IOCのオリンピック憲章は、オリンピックの理念は「スポーツを文化、教育と融合させ、生き方の創造を探求するもの」と定め、その目的を「人間の尊厳の保持に重きを置く平和な社会の推進を目指すために、人類の調和のとれた発展にスポーツを役立てること」だと表明している。
東京五輪は、誘致から今まで、こうした理念とはまったくかけ離れたものに埋め尽くされてきた。これこそスポーツや競技者への冒瀆だ。

忘れてしまわないように、報道記事ダイジェストでざっと振り返ってみる。
2012年7月 石原都政を引き継いだ猪瀬知事はツイッターで「世界一カネのかからない五輪」だと明言。


2014年、新国立競技場建てかえ問題が紛糾。2015年にはザハ案が白紙撤回。(記事画像はFACTA ONLINE 2014年9月号より)


2015年、五輪ロゴマーク盗作疑惑問題で一度決まったロゴを白紙撤回。



ザハ案から隈研吾設計に変更になった後も、聖火台はどこについている? とか、サブトラックがなければ陸上競技場として使えないのでは? といった問題が噴出。五輪後の維持費問題も浮上して暗雲漂うばかり。(記事画像はダイヤモンドオンライン「新国立競技場やっぱり無駄だらけ、五輪後の採算に赤信号」 2017年11月28日より)

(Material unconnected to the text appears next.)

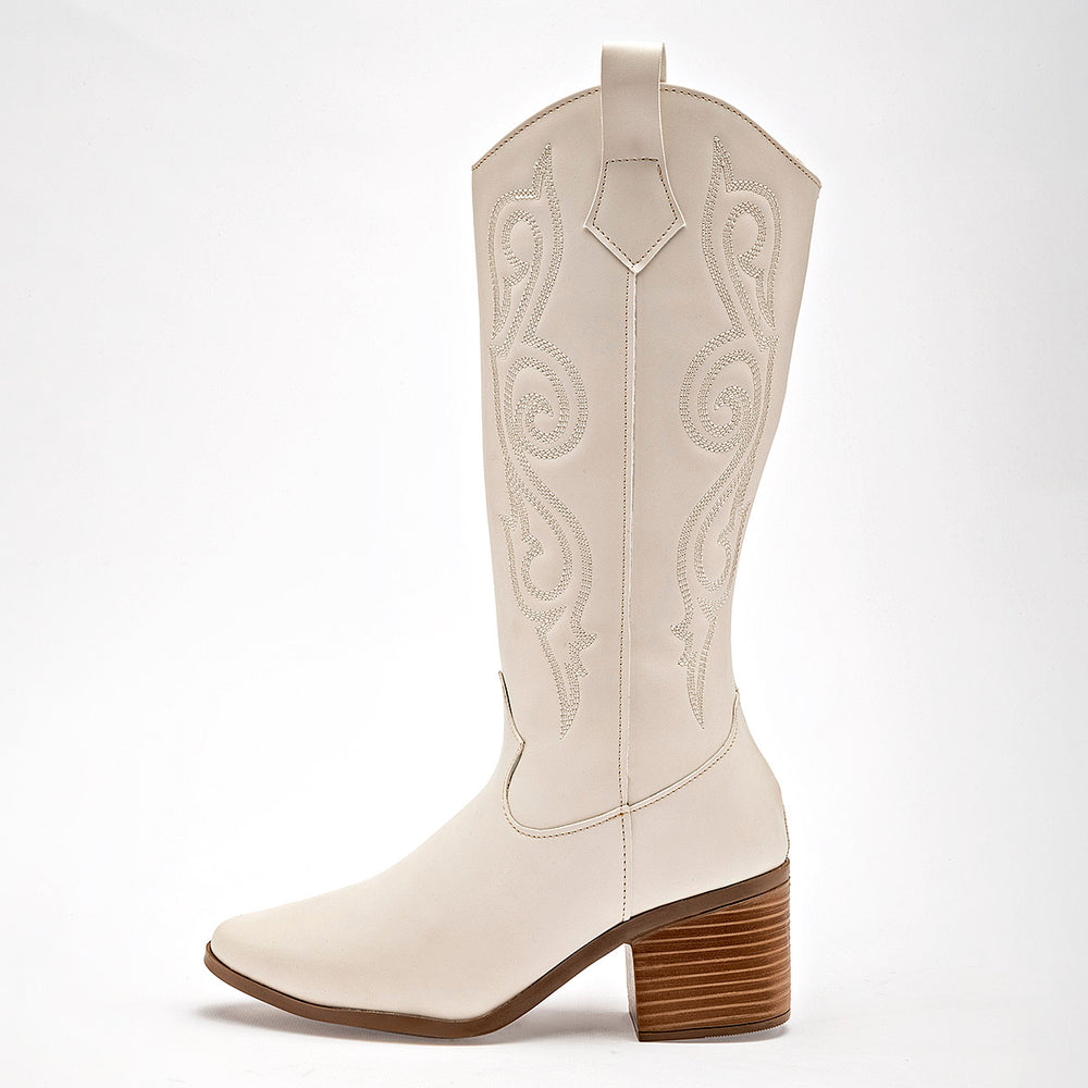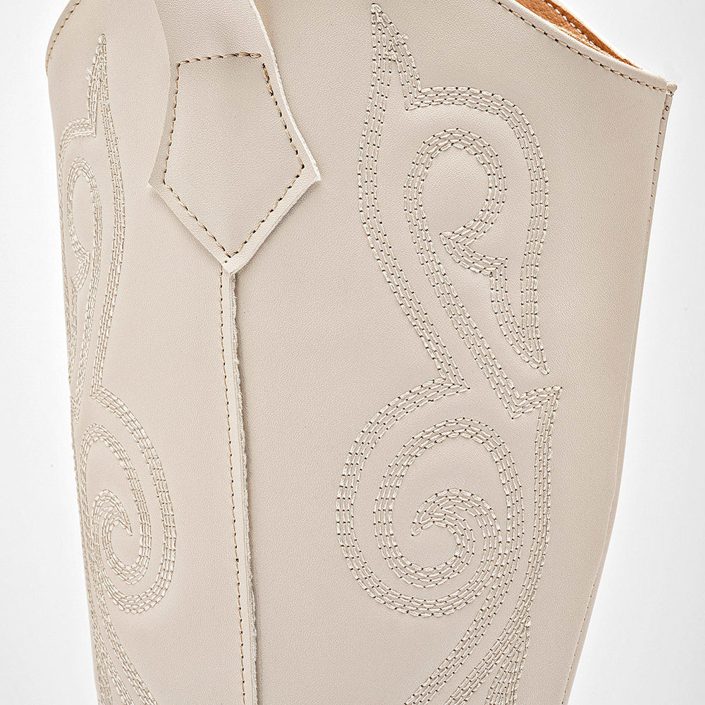 El material tiene un acabado liso y presenta bordados de estilo occidental en la caña. El tacón es de 6 cm, de bloque y con un acabado que simula la madera, lo que le da un toque natural. La punta del calzado es afilada y la caña tiene la característica forma de corte en "V" en la parte superior. Cuenta con dos tiradores laterales para facilitar su colocación.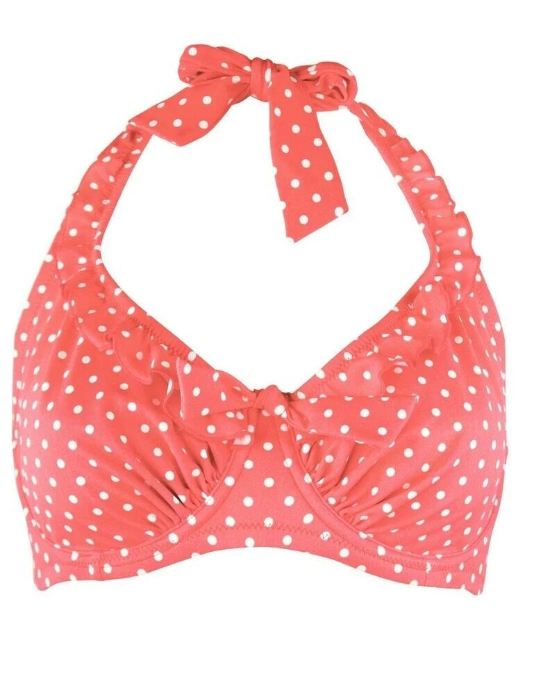Look hot in spots this season with the brand new Pour Moi Hot Spots halterneck bikini top. With a retro vibe and delicate detailing, this range is a must-have for the perfect getaways. This bikini top features a classic halterneck design, meaning it secures around the neck with scarf ties. Crafted from smooth and soft fabric adorned in a fun polka dot print. Finished off with a playful frill detailing on the upper cups and a dainty bow at the centre panel. Pair with matching coordinates for a fun beachy look!

↑そもそも開催地決定の経緯に賄賂や不正工作疑惑が持ち上がり、フランスで訴訟も起こされる。(記事画像はREUTERSより



↑挙げ句の果てに……。(記事画像は時事ドットコムより

これだけのデタラメや不正を重ねてきたのだから、「呪い」などではなく、石原慎太郎の言葉を借りれば「まさに天罰」というべきだろう。

この五輪招致がなければ、国も東京都も、今これだけ緊急支出が必要なときに、もっと余裕を持ってコロナ対策などに向き合えた。
海外からの渡航者チェックによるウイルス水際防止作戦があそこまでガバガバゆるゆるになることもなかったかもしれない。

謙虚さを失い、利権政治の沼にどっぷり浸かったままここまで来てしまった日本。

なぜこんなことをいつまでも続けているのか。
この不愉快な備忘録を見ながら、メディアや政治家だけでなく、我々一般市民も大いに反省する必要がある。